Ingredients for making the Rich Pie Pastry
- 453.59 g shortening
- 1 egg
- 14.79 ml vinegar
- 4.92 ml baking powder
- 4.92 ml salt
- 946.36 ml all-purpose flour
Ingredients for making the Raisin Butter Tart
- 236.59 ml raisins
- 2 eggs
- 4.92 ml vanilla
- 236.59 ml brown sugar
- 59.14 ml butter (melted)
- maple syrup
- 236.59 ml pecans (optional)
- Instructions for making the Rich Pie Pastry. Firstl, put the dry ingredients together - flour, salt and baking powder in a big bowl. Mix the dry ingredients well with a whisk. Next, beat the egg in a measuring cup. Add vinegar and fill the measuring cup to the 3/4 cup mark with water. Add to the flour mixture and mix well. Finally, add in the shortening and mix with your hands until the dough comes together. The dough has to be chilled in the refrigerator for at least 20 minutes.This dough can also be frozen for later use.This dough recipe can be used to make pie, egg custard, chicken pot pie, etc. Roll out the pastry dough on a floured surface to 1/8 inches in thickness. Cut out the pastry using a 3 inches diameter cutting ring. Excess dough can be gathered together and roll out again. Line the muffin tins with the cut out pastry dough.

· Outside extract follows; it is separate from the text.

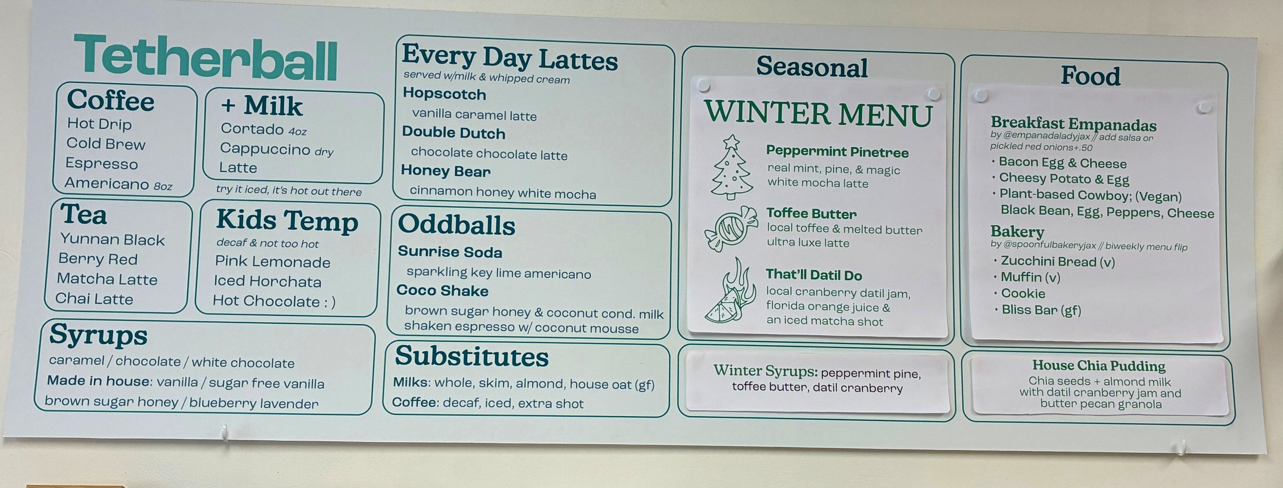 Almost everything can be hot cold or decaf. We’ve got plenty of gluten free and vegan options, we don’t use corn syrup in anything, and make a lot in house like our oat milk. Don’t be afraid to ask if you have questions or want something unique.
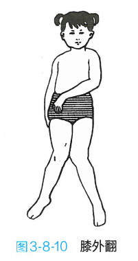 1.膝外翻( genu valgum) 嘱病人暴露双膝关节,处站立位及平卧位进行检查,直立时双腿并拢,两股骨内髁及两胫骨内踝可同时接触,如两踝距离增宽,小腿向外偏斜,双下肢呈“X”状,称“X 形腿”(图3- 8-10),见于佝偻病。

The pastry dough should be evenly and gently pressed against the wall of the muffin tins.
- Instructions for making the Raisin Butter Tart. In a mixing bowl, mix together all the ingredients, i.e raisins, eggs, vanilla, brown sugar and melted butter.
- Fill the pastry dough with the raisin butter tart fillings to about 3/4 to the top of the muffin tins. Do not overfill as it will puff up during the baking process.Bake the raisin butter tarts in a preheated oven at 350F for 20-25 minutes. The tart is ready when the edges of the tart starts to brown.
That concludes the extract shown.